▶ WHAT THE EXERCISE ASKS: Would you output all the lines below precisely as they stand, leaving each picture out?

▶ DATA SHOWN:
+--

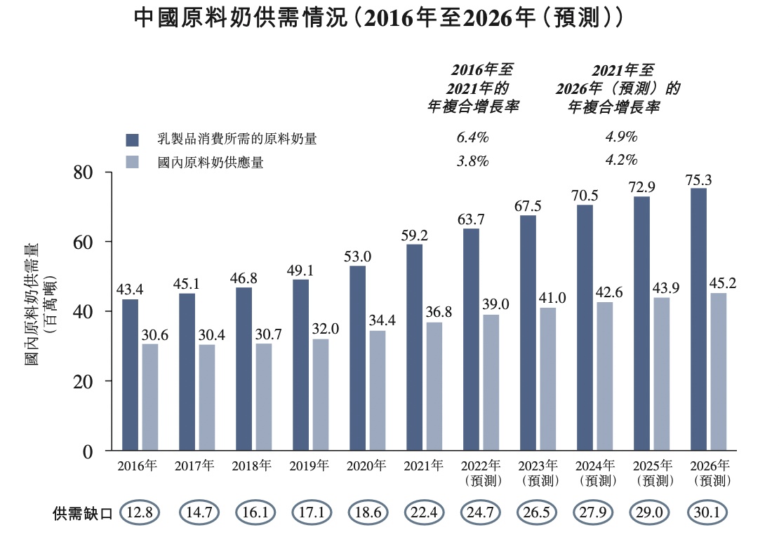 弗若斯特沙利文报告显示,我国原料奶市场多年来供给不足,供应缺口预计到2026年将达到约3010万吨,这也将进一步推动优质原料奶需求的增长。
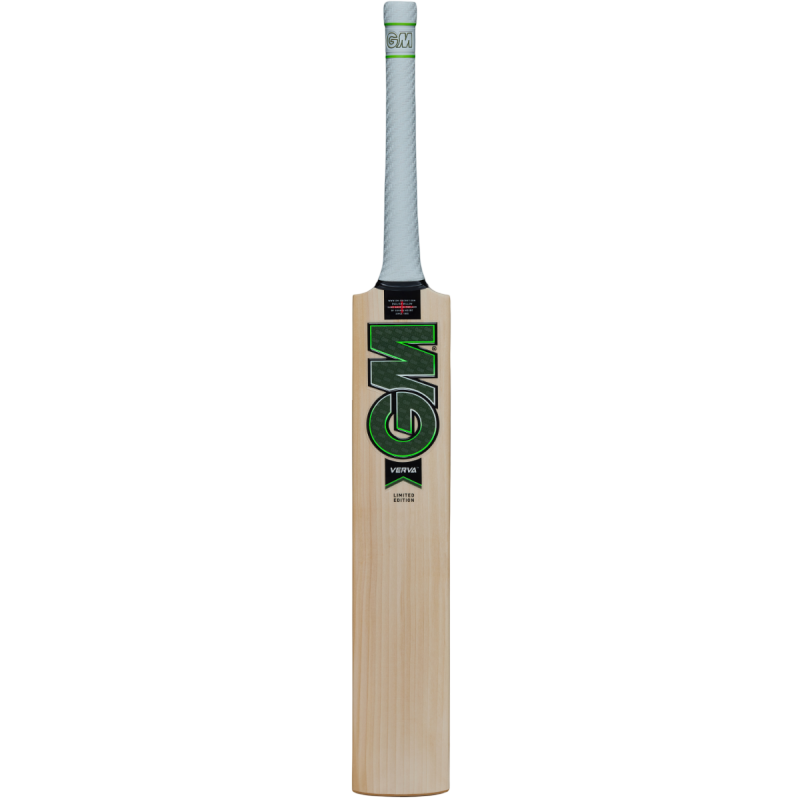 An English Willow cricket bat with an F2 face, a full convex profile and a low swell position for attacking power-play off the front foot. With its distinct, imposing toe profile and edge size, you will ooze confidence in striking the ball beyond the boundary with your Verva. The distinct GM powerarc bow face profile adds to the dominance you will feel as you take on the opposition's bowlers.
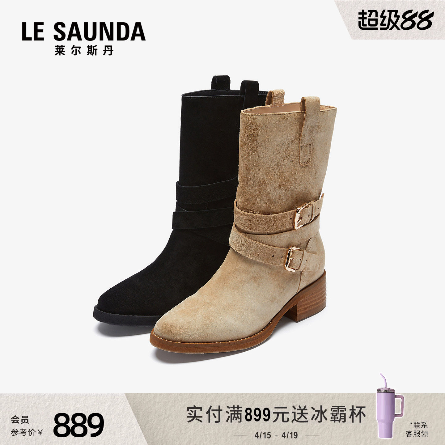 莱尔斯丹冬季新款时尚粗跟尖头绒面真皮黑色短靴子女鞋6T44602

+--

▶ TASK SOLUTION:
 弗若斯特沙利文报告显示,我国原料奶市场多年来供给不足,供应缺口预计到2026年将达到约3010万吨,这也将进一步推动优质原料奶需求的增长。
 An English Willow cricket bat with an F2 face, a full convex profile and a low swell position for attacking power-play off the front foot. With its distinct, imposing toe profile and edge size, you will ooze confidence in striking the ball beyond the boundary with your Verva. The distinct GM powerarc bow face profile adds to the dominance you will feel as you take on the opposition's bowlers.
 莱尔斯丹冬季新款时尚粗跟尖头绒面真皮黑色短靴子女鞋6T44602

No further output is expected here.